第10章 駙馬力不從心。
不對。
容鯉捏著那張素箋,指尖微微發燙,彷彿那桑皮紙上寫的不是墨字,而是燒紅的炭火。
“先天元陽有虧……後天損耗過甚……疏懶迴避……”這幾個字在她腦中嗡嗡作響,叫她整個人從頭紅到腳,又忍不住在腦海中拼拼湊湊,得出一個能夠解釋這段時日展欽之“反常”的根源——
駙馬,或許有些隱疾?
正因如此,他才總是這般冰冷疏離,她有意與他親近,他只得屢次婉拒,寧願宿在衙署那冰冷的硬榻上也不願來公主府與她同住……
並非只是生她的氣,而是……力不從心?
一股極其覆雜的情緒如浪潮一般淹沒了容鯉。
荒唐、恍然大悟、羞窘,還有一絲難以言喻的,彷彿窺破了天大秘密的緊繃。
她甚至下意識地環顧四周,生怕這“秘密”被旁人看了去。
“殿下?”扶雲見她對著那盒藥材臉色變來變去,不由輕聲詢問。“那盒子裡頭有什麼呢?”
容鯉猛地回神,像是被燙到一般,手忙腳亂地將那張素箋摺好塞回盒底,“啪”地一聲合上錦盒,臉頰紅得幾乎要滴出血來。
“沒、沒什麼!”她強作鎮定地將盒子往懷裡一抱,殊不知聲音都有些變調,“是談大人新開的滋補方子。”
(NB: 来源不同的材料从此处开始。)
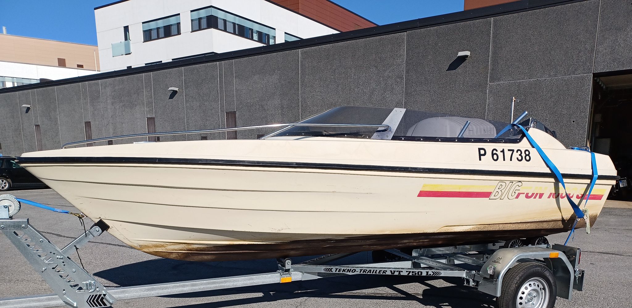 Myydään ulosmitattu osittain katettu moottorivene ja veneen kuljetustraileri / Säljes utmätta delvis täckt motorbåt och lätt båt transport trailer, Seinäjoki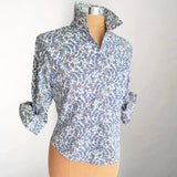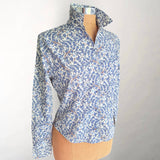 Beautiful fitted shirt in a Liberty of London blue floral. A crisp collar you can flip up (we always do) or fold neatly down. Mother of pearl buttons. Full length sleeves with 3 1/2 inch double button cuffs. Darts in the front and back. 100% Japanese cotton.

攜月見她舉止奇怪,又想著滋補的藥方怎不直接送去藥房,正欲接過看看,便見容鯉抱著盒子滾到床榻裡面去了:“我有些累了,想歇息了,你們都下去吧。”
扶雲看出容鯉面上的羞窘之色,想了想談女醫的性子,猜到那盒子裡頭多半是些夫妻之間才用得上的東西,便拉了拉攜月,示意她不必再問,伺候容鯉漱洗後,悄然退下。
寢殿內重歸寂靜,容鯉卻毫無睡意。
她將床幔拉得緊緊的,目光不受控制地飄向被她藏到枕邊的藥盒。
所以,展欽果真不是故意那樣冷待自己,只是沒有法子,不得不推拒於她?
這個念頭一旦萌芽,便瘋狂滋長。
容鯉在床上翻了個身。
她並不太懂夫妻那事兒,只覺得駙馬生得極合她的胃口,若能回到她記憶之中與她琴瑟和鳴的模樣,有那樣的隱疾也無妨。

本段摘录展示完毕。